BEGIN Dataset excerpt

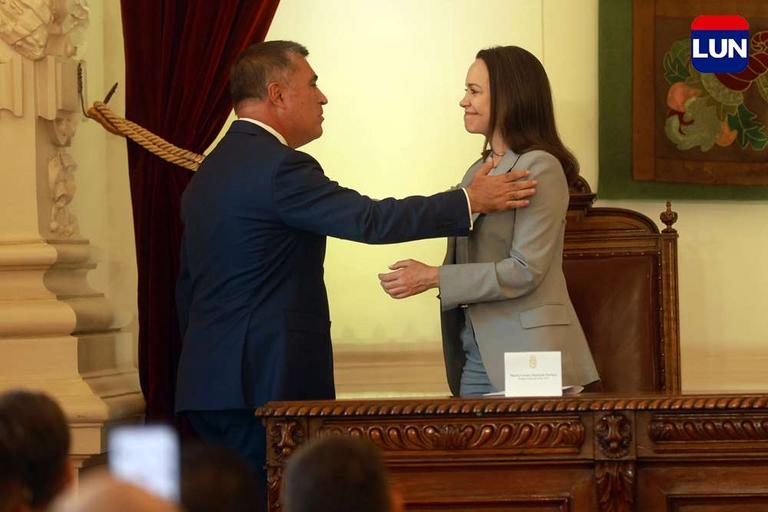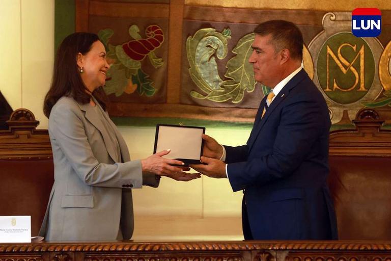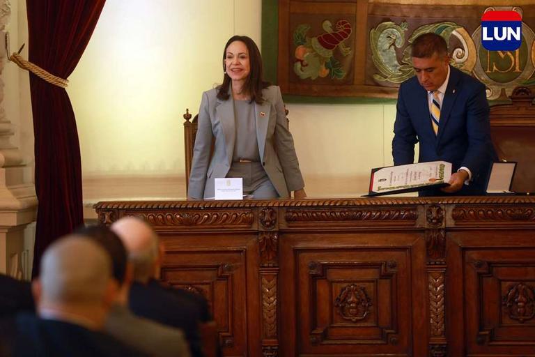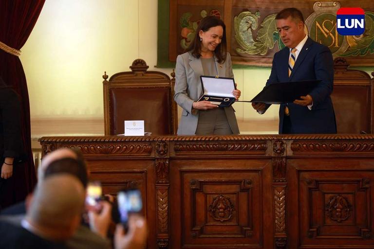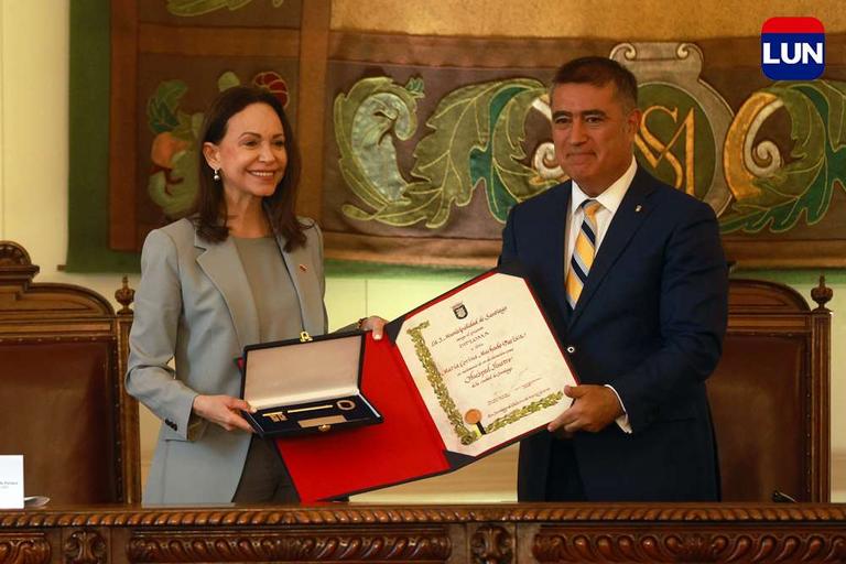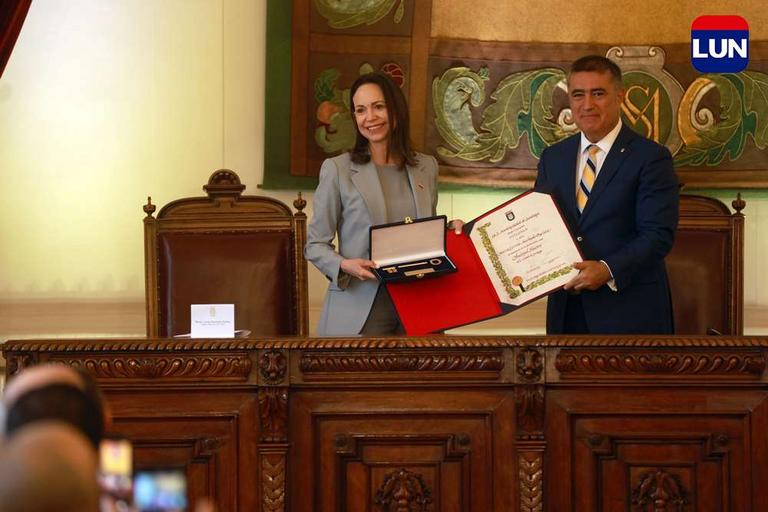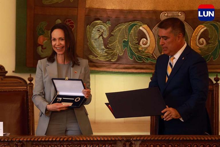 Líder opositora venezolana recibió las llaves de la ciudad de Santiago. Fotos: Elisa Verdejo
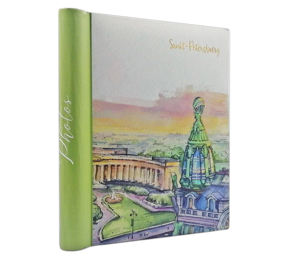 Магнитный альбом для фотографий разных форматов. Также подойдет для размещения рисунков, открыток, билетиков, картинок желаний, вырезок и прочего. Фотографии могут располагаться в произвольном порядке – вертикально, горизонтально или по диагонали. Твердая обложка выполнена из  картона, бумажные листы с магнитной пленкой скреплены пластиковой спиралью. На обложке изображена одна из визитных карточек Петербурга: вид на дом Зингера и Казанский собор. Альбом отлично подойдет для фотографий на память о путешествии в Санкт-Петербург.
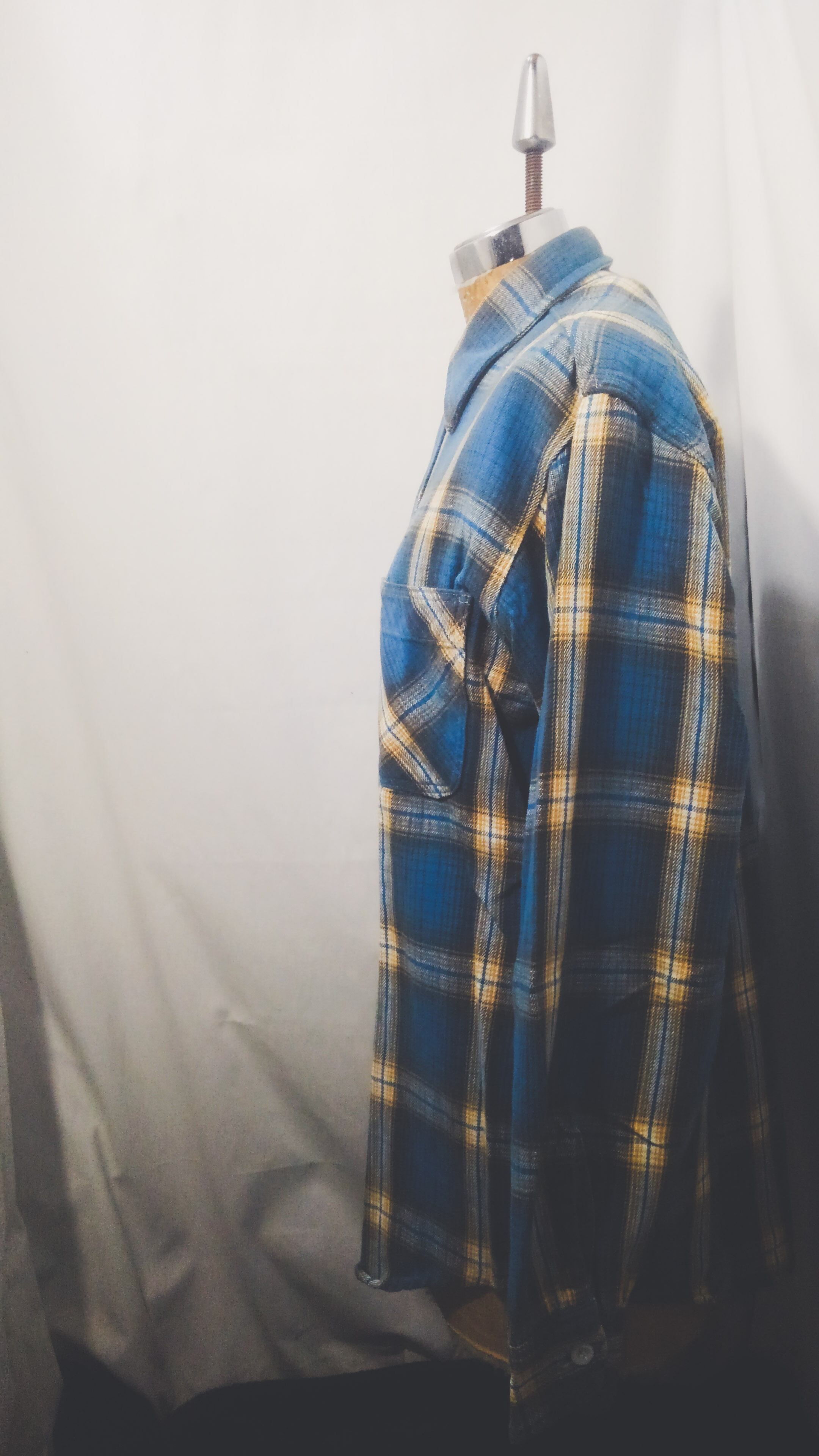 タグが欠損している為、ブランドやサイズなどの詳細は不明ですが、フラップの付かない両胸の大ぶりなパッチポケット、ラウンドテイルの裾がみられる辺り、シアーズやペニーズ等のストア系のブランドかと思われます。
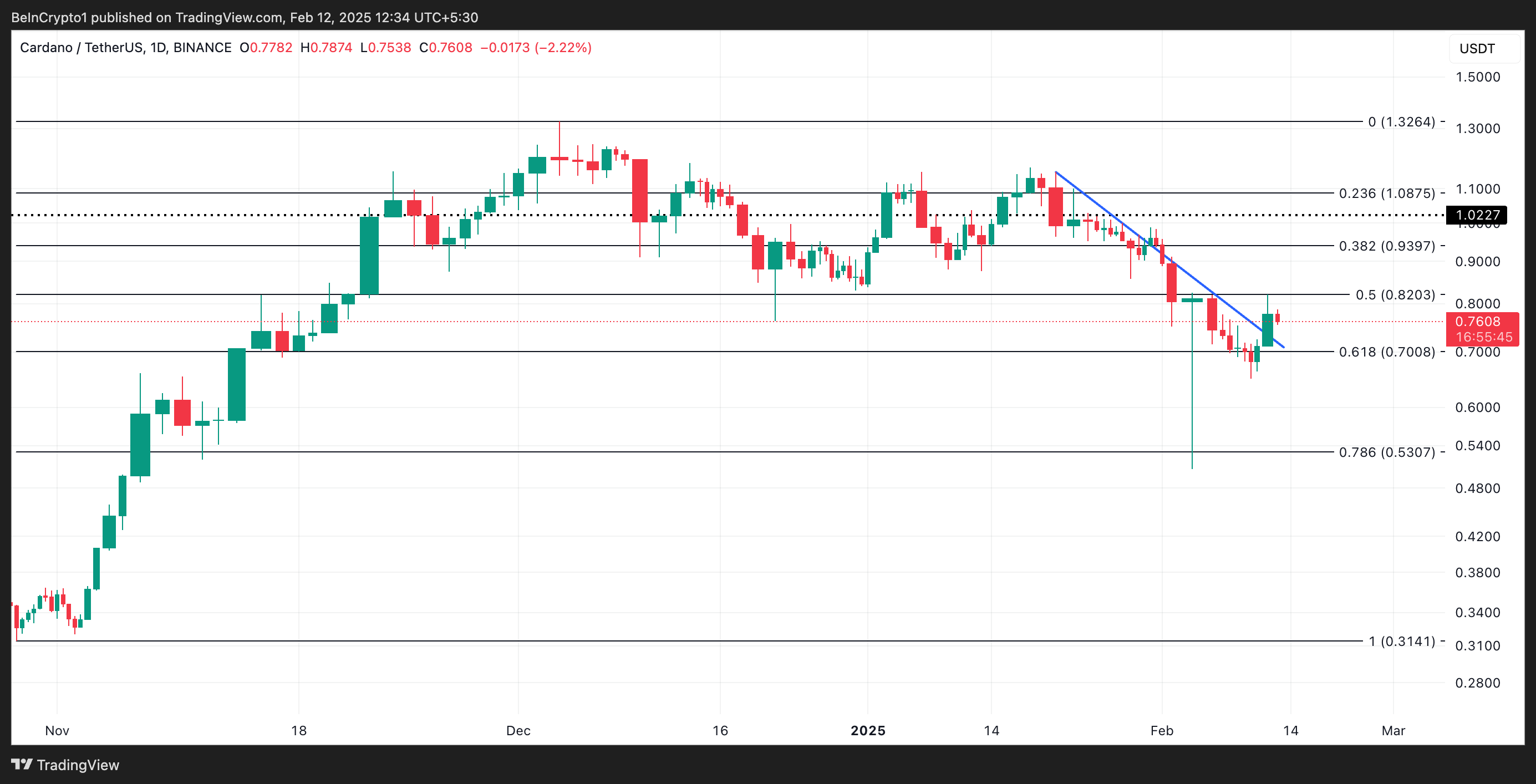 Jeśli tak się stanie, ADA może spaść do 0,70 USD. Jeśli ten poziom nie utrzyma się, altcoin może kontynuować spadek w kierunku 0,53 USD – poziomu ostatnio widzianego w dniu 3 lutego.

END Dataset excerpt

▸ What to produce: With the pictures left out, return the listing above exactly as it stands.

▸ Reply to the exercise:
 Líder opositora venezolana recibió las llaves de la ciudad de Santiago. Fotos: Elisa Verdejo
 Магнитный альбом для фотографий разных форматов. Также подойдет для размещения рисунков, открыток, билетиков, картинок желаний, вырезок и прочего. Фотографии могут располагаться в произвольном порядке – вертикально, горизонтально или по диагонали. Твердая обложка выполнена из  картона, бумажные листы с магнитной пленкой скреплены пластиковой спиралью. На обложке изображена одна из визитных карточек Петербурга: вид на дом Зингера и Казанский собор. Альбом отлично подойдет для фотографий на память о путешествии в Санкт-Петербург.
 タグが欠損している為、ブランドやサイズなどの詳細は不明ですが、フラップの付かない両胸の大ぶりなパッチポケット、ラウンドテイルの裾がみられる辺り、シアーズやペニーズ等のストア系のブランドかと思われます。
 Jeśli tak się stanie, ADA może spaść do 0,70 USD. Jeśli ten poziom nie utrzyma się, altcoin może kontynuować spadek w kierunku 0,53 USD – poziomu ostatnio widzianego w dniu 3 lutego.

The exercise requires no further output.